3 Eylül 2022 Cumartesi

Bıçağın İki Yüzü

Bıçağın İki Yüzü bittiğinde koltukta bir süre kalıp, derin bir nefes alıp, üzerine arada kalmışlıkla düşünülesi... ve bir anlamda da -izleyici olarak- muhafazakarlık sınırınız nerede başlar ve nereye kadardır testi yaptırası bir film. Öyle bir nefeste yazılası değil yani!


16+ Bir Filmdir! Dolayısı İle Yazı!



Yukarıdaki cümleyi bu sabah henüz yazıya başlamamışken, bloguna uğradığımda gördüğüm filme gitmeme vesile olan Sevgili Filmgündemi'nin bir yazıma yaptığı yorumunu yanıtlarken kullandım. Sonra bunu ben mi yazdım şimdi hoşluğu ile gaza geldim, çünkü filme ve izleyecilerine dair bir gerçeği çok basit gözüken kısa bir cümle ile ifade etmiştim. Bu giriş her yazı başlangıcında yaşadığım sıkıntıyı aştığım ilmek oldu ayrıca. O halde teşekkürler Filmgündemi.

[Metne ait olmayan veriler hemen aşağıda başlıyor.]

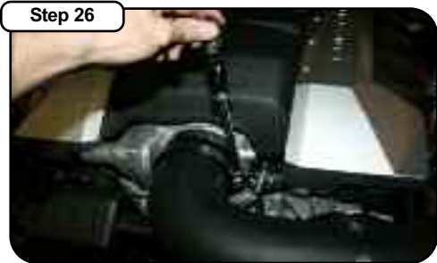
Tighten throttle body coupling clamps.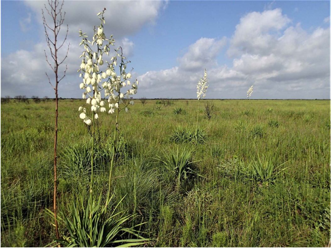
FIG. 3. Habit. Yucca carrii population, Brazoria National Wildlife Refuge.

Benth., Sambucus sp., Verbena stricta Vent., Hibiscus laevis All., Rubus sp., Ibervillea sp., Passiflora incarnata L., Vitis mustangensis Buckley, Campsis radicans (L.) Seem. ex Bureau, Borrhichia sp., Cuscuta sp., Cissus sp., Spartina spartinae (Trin.) Merr. ex Hitchc., Schoenoplectus americanus (Pers.) Volkart ex Schinz & R. Keller, Phragmites sp., Sorghum halepense (L.) Pers., Elymus canadensis L., Chloris sp.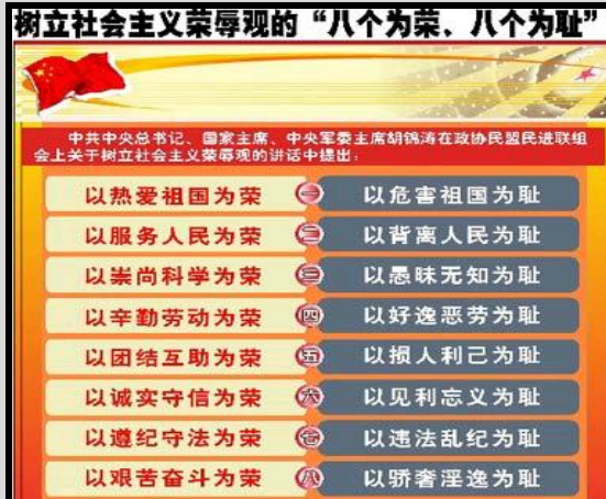
Image: A promotional graphic for the “Eight Honors and Eight Disgraces.” The caption indicates leadership interest at the highest levels, stating that CCP General Secretary Hu Jintao unveiled the concept in a speech at the Chinese People’s Political Consultative Conference.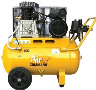
C3118 Air Compressor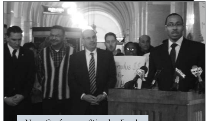
News Conference - Stimulus Funds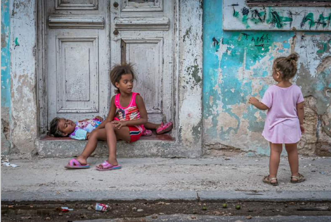
“STREET KIDS CUBA” © VICKI MORITZ, GMPA 2019 S4C International Exhibition of Photography Photojournalism Human Interest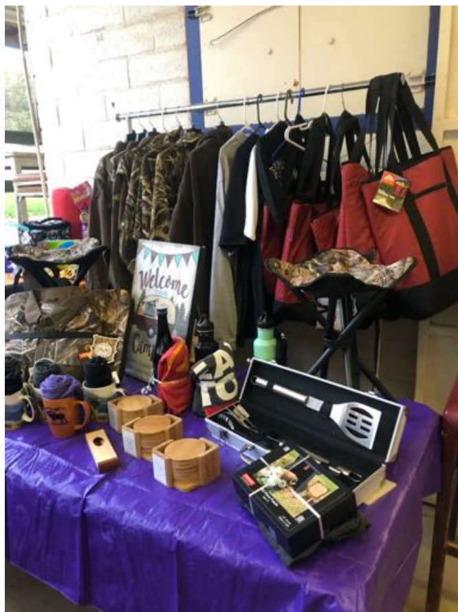
SOME OF THE RAFFLE PRIZES

Of course, the day before our fun shoots, the weather was perfect! No wind, no smoke and no heat. But no, can’t hold out for one more day. We had sustained winds at 25 mph and gusts at 40-50 mph.....However, with that being said, we still had 35 archers that wanted to play!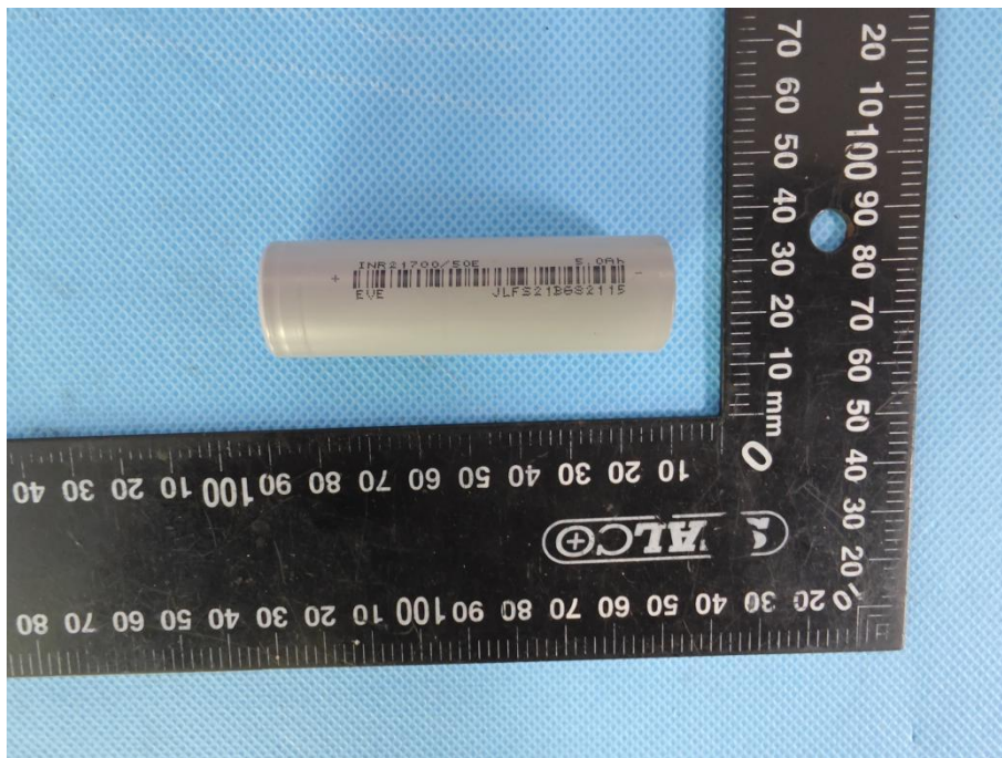
Photo 5 电池正面 Front view of Cell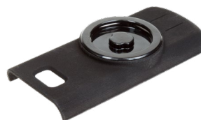
The 1128-PL Pop-Loq Slide-On Adapter

Click here for more information on Pop-Loq mounts.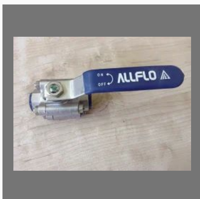
Stainless Steel Threaded End Ball Valve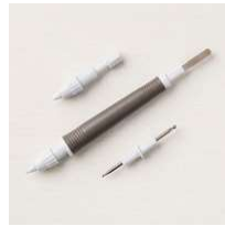
Take Your Pick [I44107] $11.00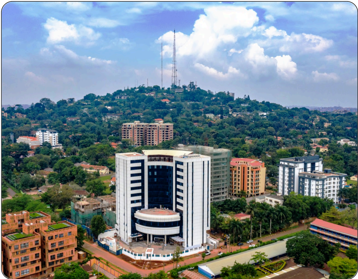
The Capital Markets Authority (CMA) headquarters in Kampala

When you buy a bond, you are lending money to a company or the government. They promise to pay you back with interest on an agreed future date. Government bonds in Uganda currently pay interest of 14–18% per year.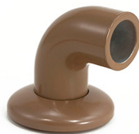
6001 Wall Return with Cover Plate Kit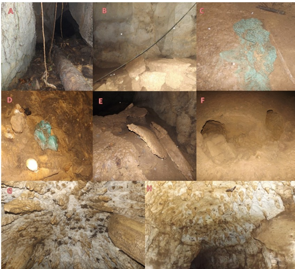
Figure 5. Documented Disturbance in Sampyagit Cave A) Log used to cover the entrance, B) Bamboo pole used for bat hunting and nest collection, C) Mosquito net used as improvised mist net, D) Sack used for guano harvesting, E) Broken rocks due to treasure hunting, F) Treasure hunting excavation, G and H) Mudballs used to stun roosting bats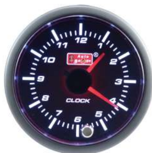
AGCKSMBLSWL270-60 ELECTRICAL CLOCK GAUGE 60MM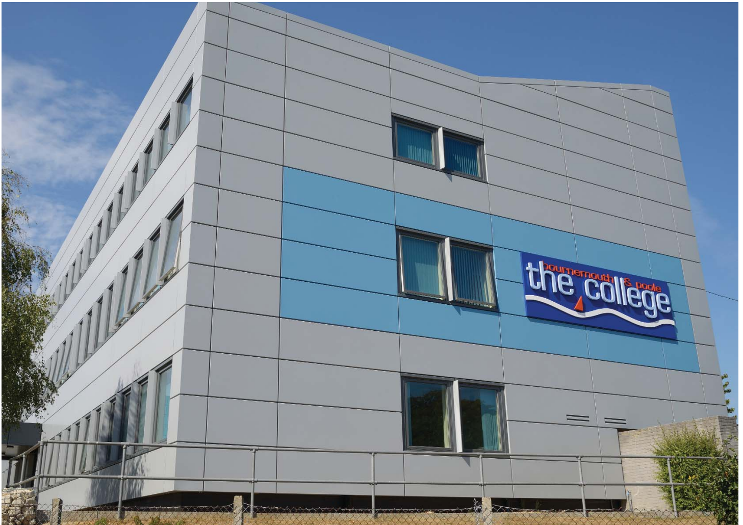
The Bournemouth & Poole College, North Road Campus

17:20 seansı uygundu. Gerçi mesaimin bitmesine 40 dakika kalacaktı, dolayısıyla filme yetişmek için işi son verileri alamadan ve iki saat önce bırakacaktım ama olsundu. Filmin içinde Juliette Binoche varsa kaçmazdı, kaçmamlıydı.

En sevdiğim tişörtlerimden birini ve kotumu giydim. Elbette duştan çıkınca traşımı oldum. Sonuçta boru değil bu, sinemada bir keyife gidiyoruz.

Önce bir şeyler atıştırmak için sevdiğim bir mekâna uğradım, sonra istasyona... Kartımı okuttum, kırmızı yandı. "Allah Allah," dedim, "doluydu ama!" Yükleme için kiosk'a yürüyordum ki bir hanımefendi tren bedava dedi. Şaşırdım. Tıka basa dolunca da anladım, çünkü şehrimizde Teknofest vardı.

AVM'ye varınca hızla asansöre yürüdüm; üst geçit, sırt çantası x ray'e, güvenlikten geçme ve sinema katındayım.

Biletimi alınca benimle aynı sırada iki yan yana yerin daha satılmış olduğunu gördüm. AVM'de bir tur attım tekrar sinema katına çıktım ve terastayım. Manzaram enfes fakat şu an sizin sadede gel be adam dediğinizin ve diyeceğinizin de farkındayım.

Ama blogun bir anlamda günlük olduğunu da hatırlayın lütfen!


Tamam kızmayın, bisküvilerimden ve onların tadını nasıl çıkardığımdan söz etmeyeceğim.

Fakat ben salona girmeden önce, lobideki koltuklarda otururken gencecik bir çift çıktı salondan. Kız lavobalara gitti, oğlan onu dışarıda bekledi. Bense o ikisinin salondaki komşularım olduğunu anladım.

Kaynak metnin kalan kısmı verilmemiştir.